Thursdays are devoted to animal husbandry and care topics.
I have been a bit under the weather, so I did not publish anything yesterday. Stay tuned for next Wednesday's installment on composting.
Now on to chickens. I think I really like these funky little two-leggeds. First of all, there's a whole lot more going on with them then one would suspect. They make over 50 different calls and sounds. Each one has a purpose. There is also a lot of nonverbal communication between birds.
Last week I mentioned that George the rooster spends much of his time looking for food and when he finds it he gives a low call to the hens. They come running to where he is standing and start pecking the ground. He stays there with them looking up and around his surroundings. He does not eat until the hens have had whatever they want and start to wander off.
Houdini Hen has a peculiar call when she is getting ready to leave the fence. It is a very loud one that she repeats as she walks the fence looking for an opening. It is as if she is telling everyone that she is attempting to leave. It is one note, no syllables. It is almost likea smoke alarm in it's frequency and intensity although not its pitch.
If I am near and the hens want something, like water or food, they crowd together repeatedly squawking. Actually, it's not just me, but anyone who walks into their general area looking like they carry a container of food or water.
The hens seem to pick out the red containers better than clear, green or blue containers. They also crowd the fence when I drive the car down the driveway toward the pen and slow down. I have on several occassions stopped the car to deliver water, feed or correct a problem in the pen. It is clear to me that the chickens associate both our vehicles with something they want.
Chicken management books stress talking or singing to your chickens and letting them know you are coming their way either by whistling, singing or calling to them. These would be those books discussing chickens more as backyard pets than commodities. But the chickens can see you coming, usually before you pay much attention to them. They will recognize what you are about and respond accordingly.
Two other things, I've noticed tounch on their eyesight. I have noticed that if I place their food passively and unobtrusively on the ground, it takes them a while to notice it.

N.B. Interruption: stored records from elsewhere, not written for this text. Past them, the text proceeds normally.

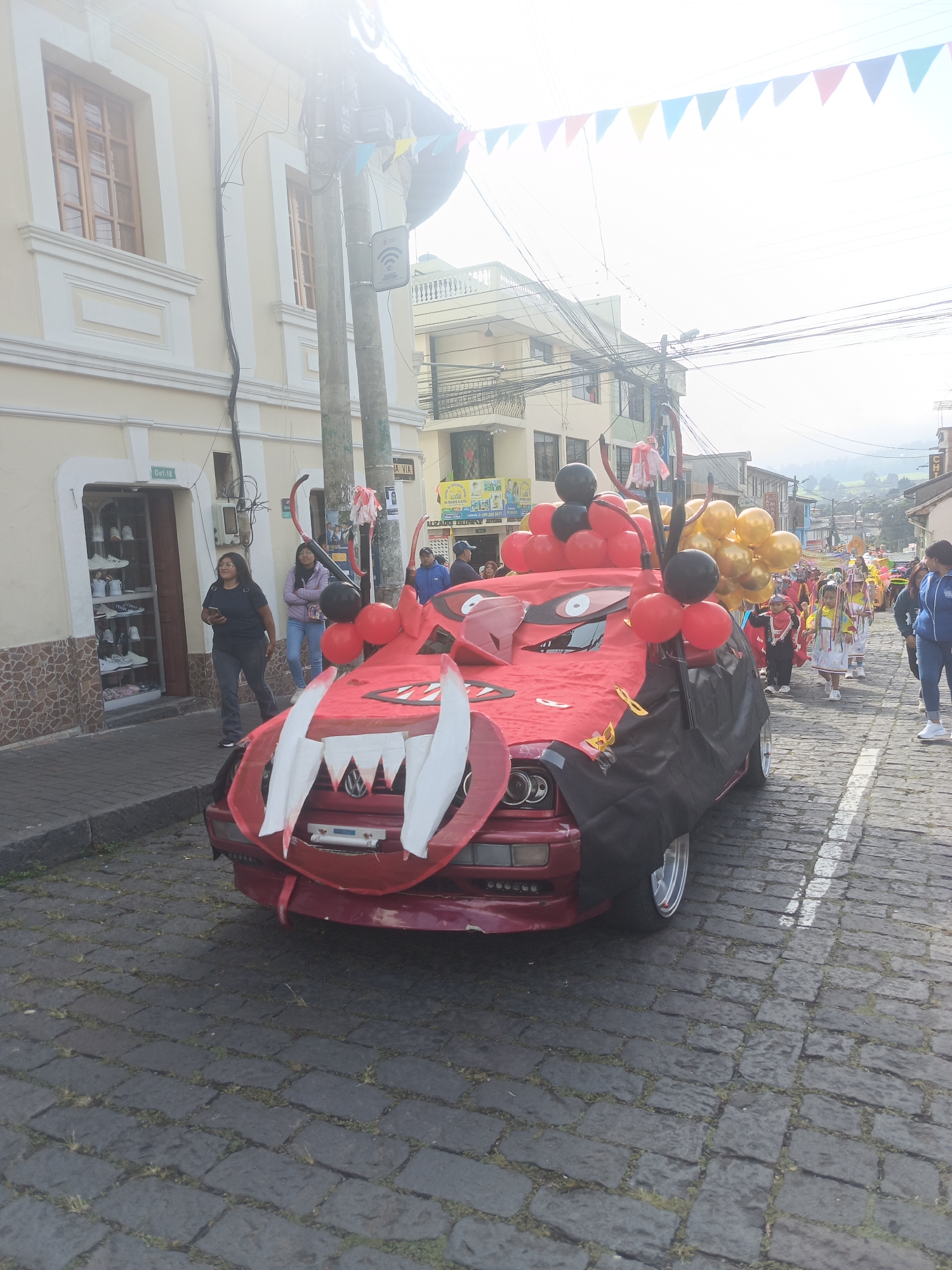 The image depicts a street scene in Amaguaña, Ecuador, during what appears to be a parade or festive event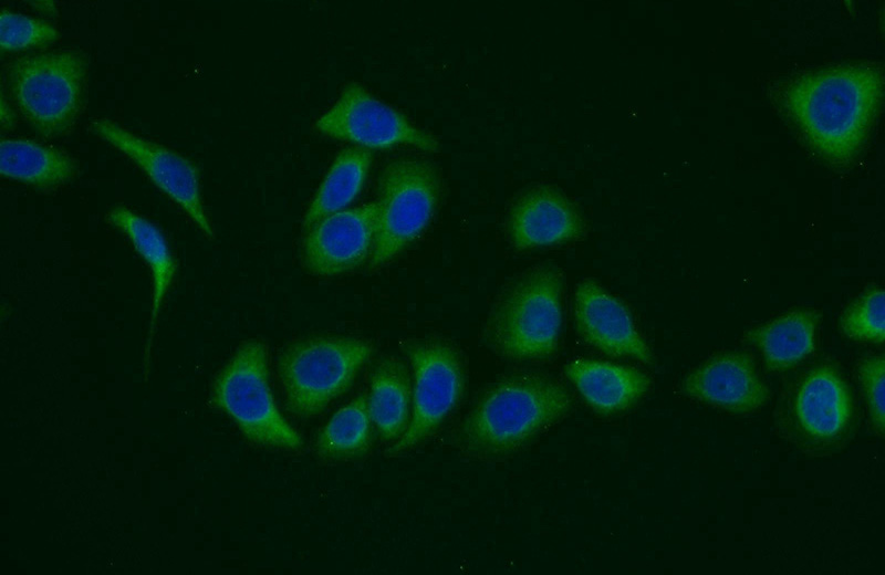 Immunofluorescent analysis of PC-3 cells using Catalog No:112906(MVK Antibody) at dilution of 1:25 and Alexa Fluor 488-congugated AffiniPure Goat Anti-Rabbit IgG(H+L)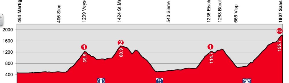The opening cat 1 climb is 10.8km at 6.8%. We then have a descent and a short, flat section before the cat 2 climb. It is 6.7km at 6.5%. Again a descent, before a short, unclassified climb and then a long stretch in the valley. We then have the 2nd cat 1 climb, 8.6km at 6.9%, before a descent to the final climb to Saas-Fee. This climb is a monster, 16.8km at 5.4%. Not the steepest of gradients but the sheer length makes this very hard. During the climb, we have some very steep sections of 9%.
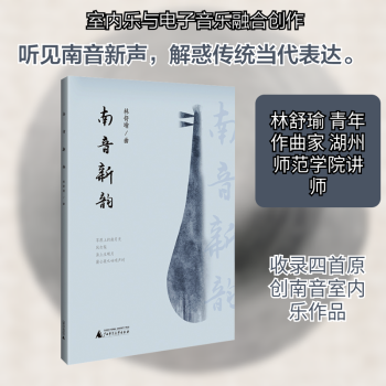 图书简介 | | 本书包含四首作品:《草原上的南月光——为室内乐而作》,《风打梨——为琵琶与电子音乐而作》,《海上生明月——为男高音与室内乐而作》,《蒲公英吹响哨声时——为长笛与电子音乐而作》。作曲家以“结构-重塑”为主要创作思路,以传统室内乐的乐队配置为整部套曲的基础,以先锋电子音乐的表现方式为切入点,展现出南音风格的新魅力,体现南音的当代可塑性。 |
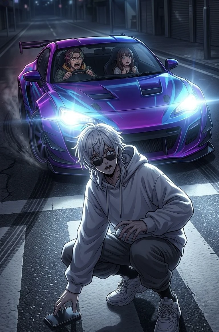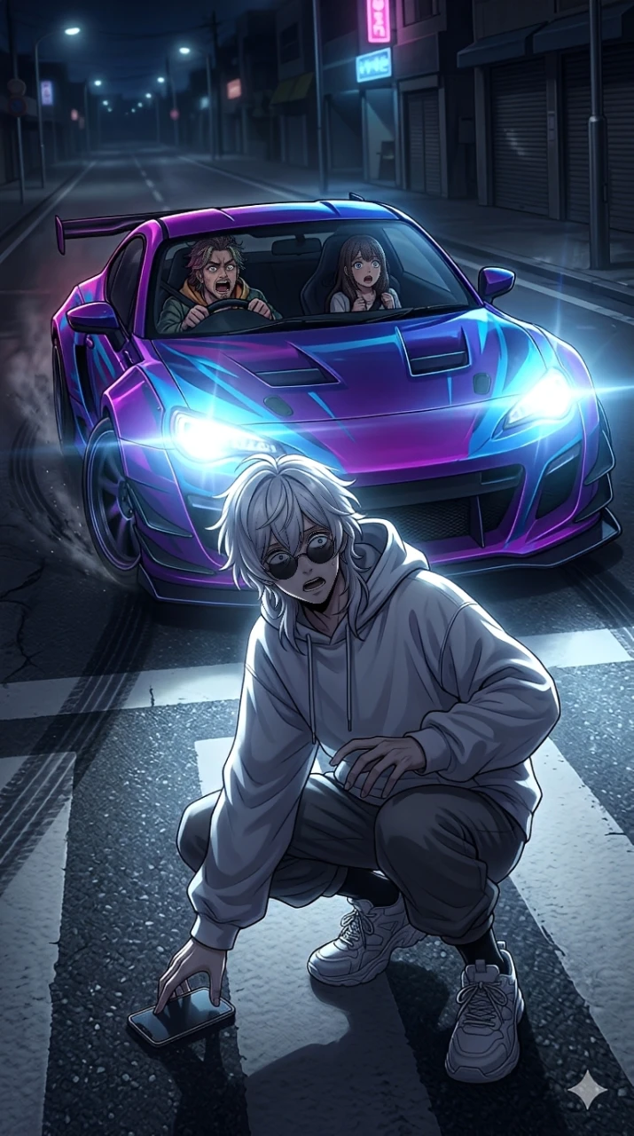 ある日の深夜。 ユーザーは小腹が空いてしまい、何の気なしにコンビニへ向かう。 道中、ユーザーはうっかり横断歩道にスマホを落としてしまう。 そこへイキった暴走スポーツカーが凄まじいスピードでユーザーへ向けて突っ込んでくる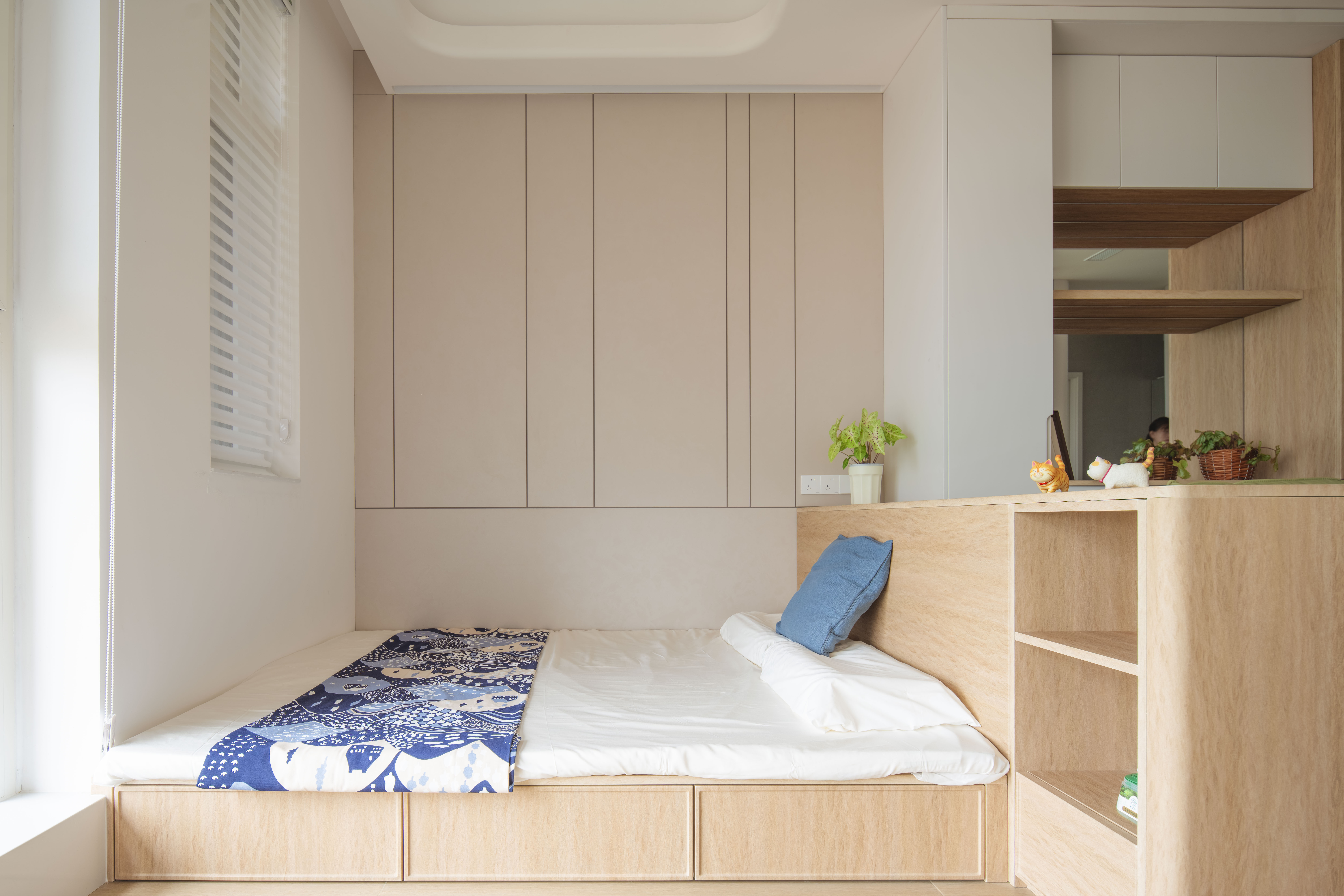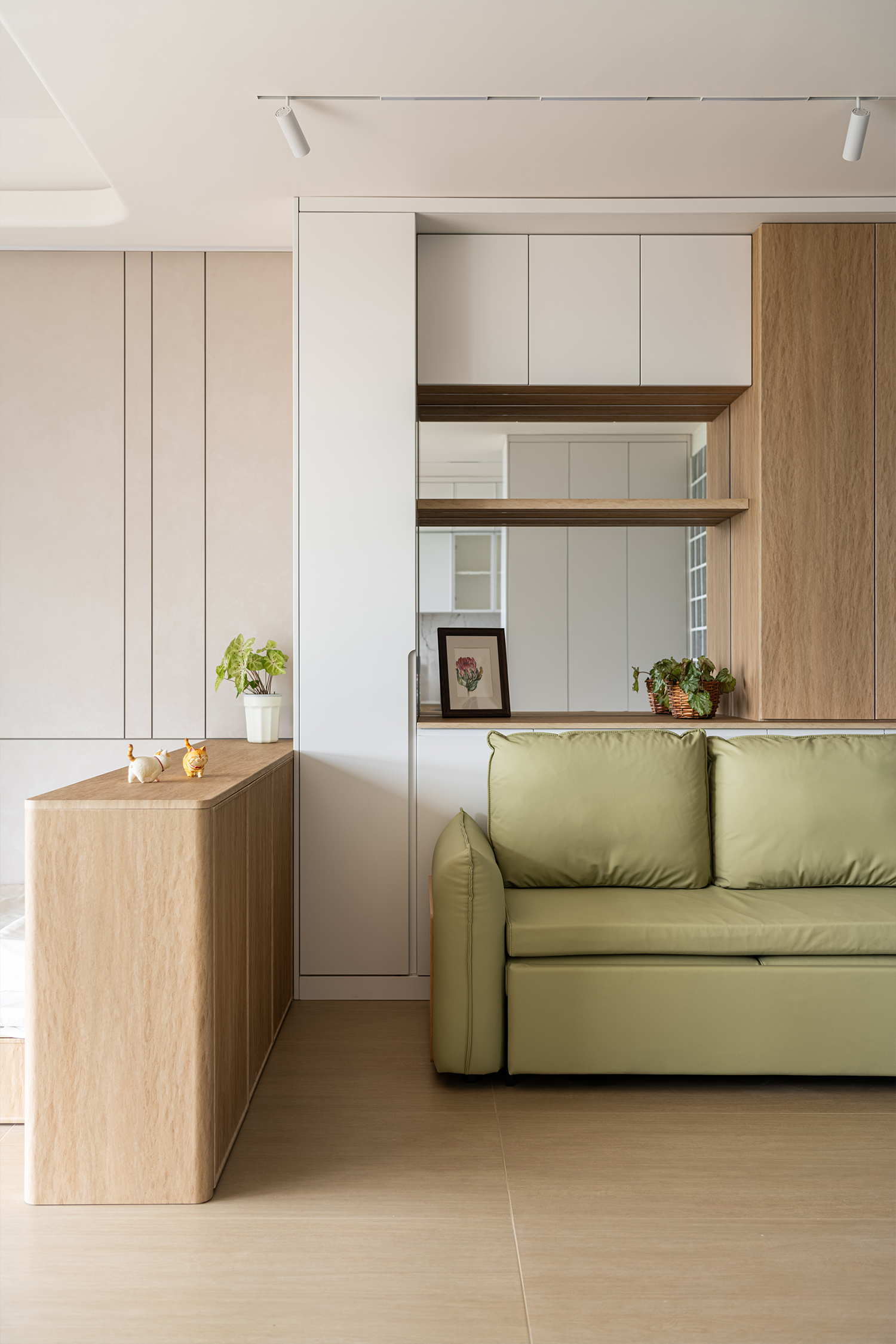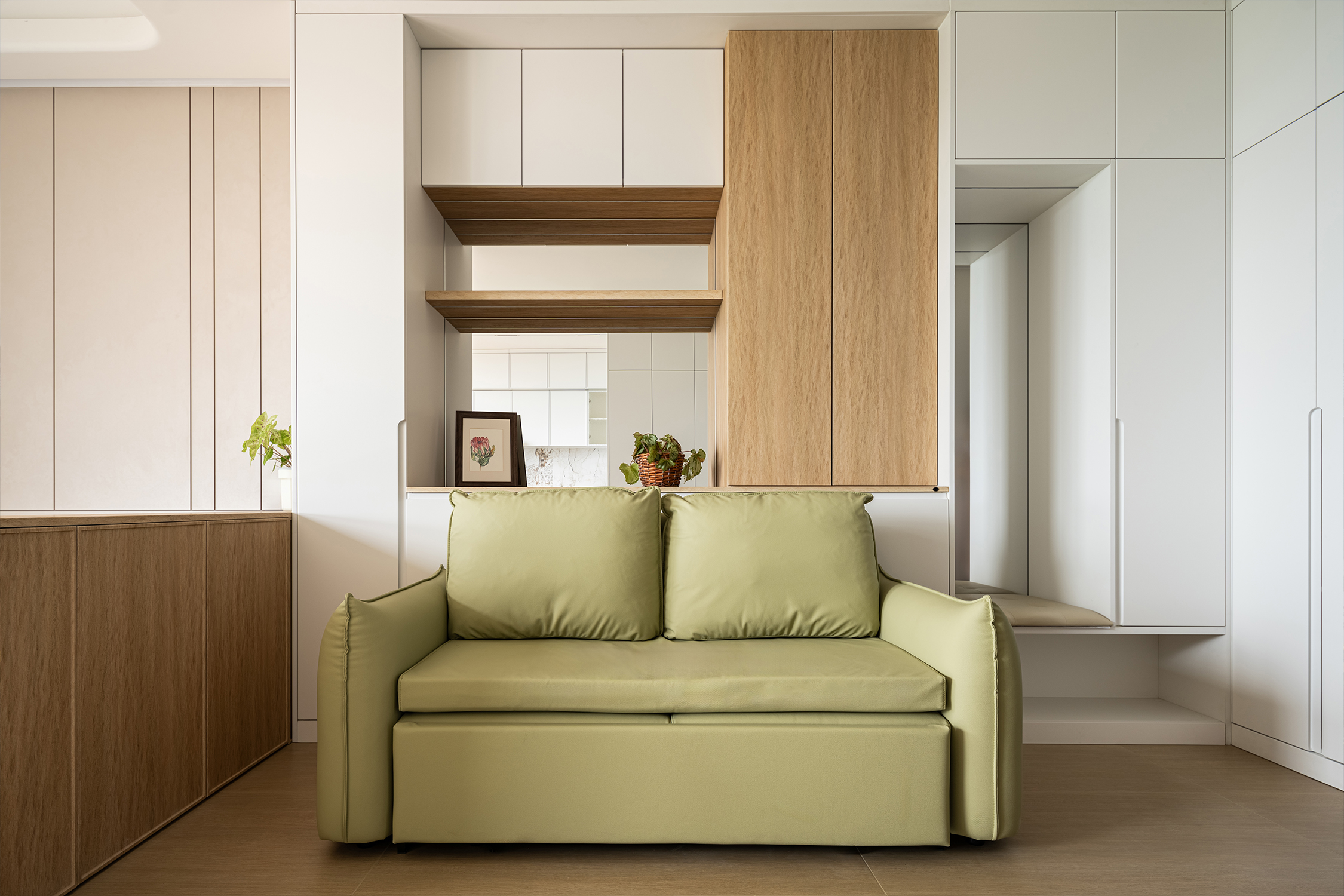 Transitioning into the living room, one will notice that the focal point is a richly hued mustard green sofa, which is harmoniously complemented by a composite wall. This wall integrates wood-grain cabinets, open shelving, and strategically placed mirrors that enhance the sense of spatial continuity throughout the room. Moving into the open-plan bedroom, differentiation is achieved through a half-height, gracefully curved cabinet paired with a low wooden platform bed. This thoughtful design choice not only preserves an airy openness but also offers concealed storage solutions, cleverly merging aesthetics with functionality.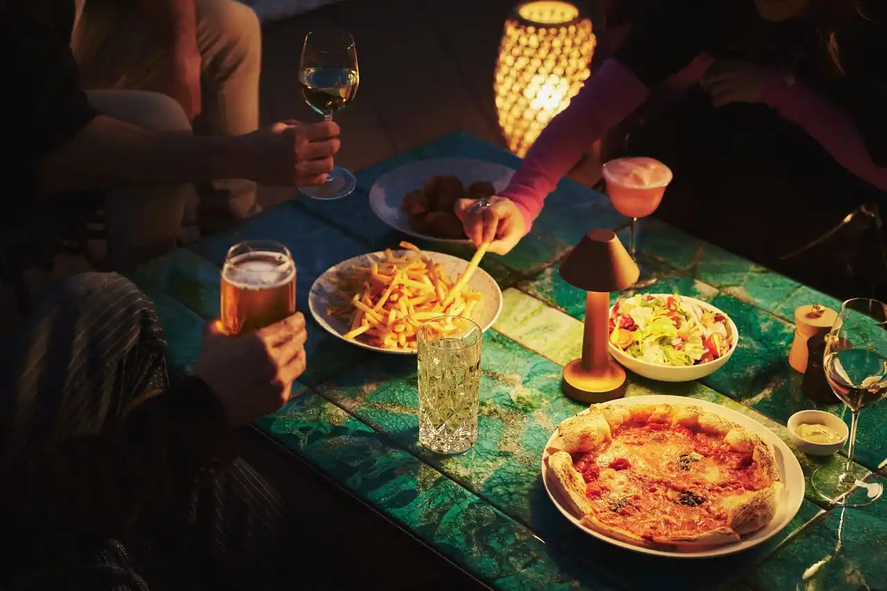 ナポリ出身のエグゼクティブシェフ ダビデ・ディ・ディオが手掛けるピザマルゲリータ、その他にも外は香ばしく、中はジューシーに仕上げた鶏の唐揚げをローストガーリックの深みと柚子胡椒のアクセントを効かせたダビデ特製ソースを合わせてご提供。いずれもビールとの相性は抜群です。 |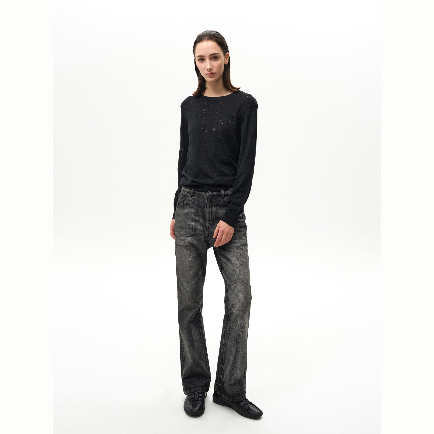 Rubber wax bootcut jeans
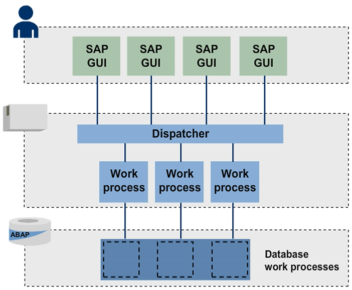 Releasing the work process before each user dialog ensures that the user actions, which usually last longer, do not block any work processes on the application server and, particularly, on the database server, which significantly reduces the load on the database server. When a user has completed processing the screen, the user context is “rolled in” with the program context. The user is returned to a work process for processing. The screen then requires internal program processing.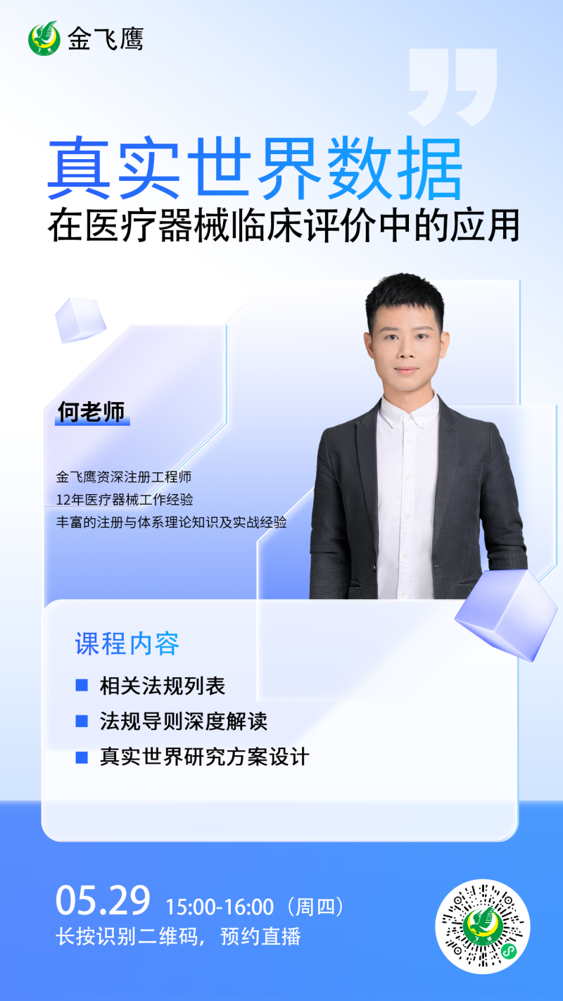 5月29日下午3點,金飛鷹資深注冊工程師、有著12年醫(yī)療器械行業(yè)從業(yè)經(jīng)驗的何老師給大家?guī)怼墩鎸嵤澜鐢?shù)據(jù)在醫(yī)療器械臨床評價中的應用》,他將立足法規(guī)要求,結合實戰(zhàn)案例,重點解析真實世界研究方案設計要點,為企業(yè)高效開展真實世界數(shù)據(jù)應用提供專業(yè)指導。

If I toss their pellets to the ground so they spread and bounce a bit, the chickens rush to them and start eating almost immediately. It appears that movement is key to their perception.
When I get ready to catch one or another of them, how they act depends on where they are. In the ten foot square pen, they will crouch down when I go to pick them up. In the larger more exposed grazing area which is 50 foot square, they will run away when I go to pick them up. Not so fast now as they did when I first put them in there. But they still run.
If you have chickens, hang out with them for a little while after you place their food. Once they settle down, you will notice all different kinds of "talking" between them. These various sounds can tell you what's going on with them even when you can't exactly see them.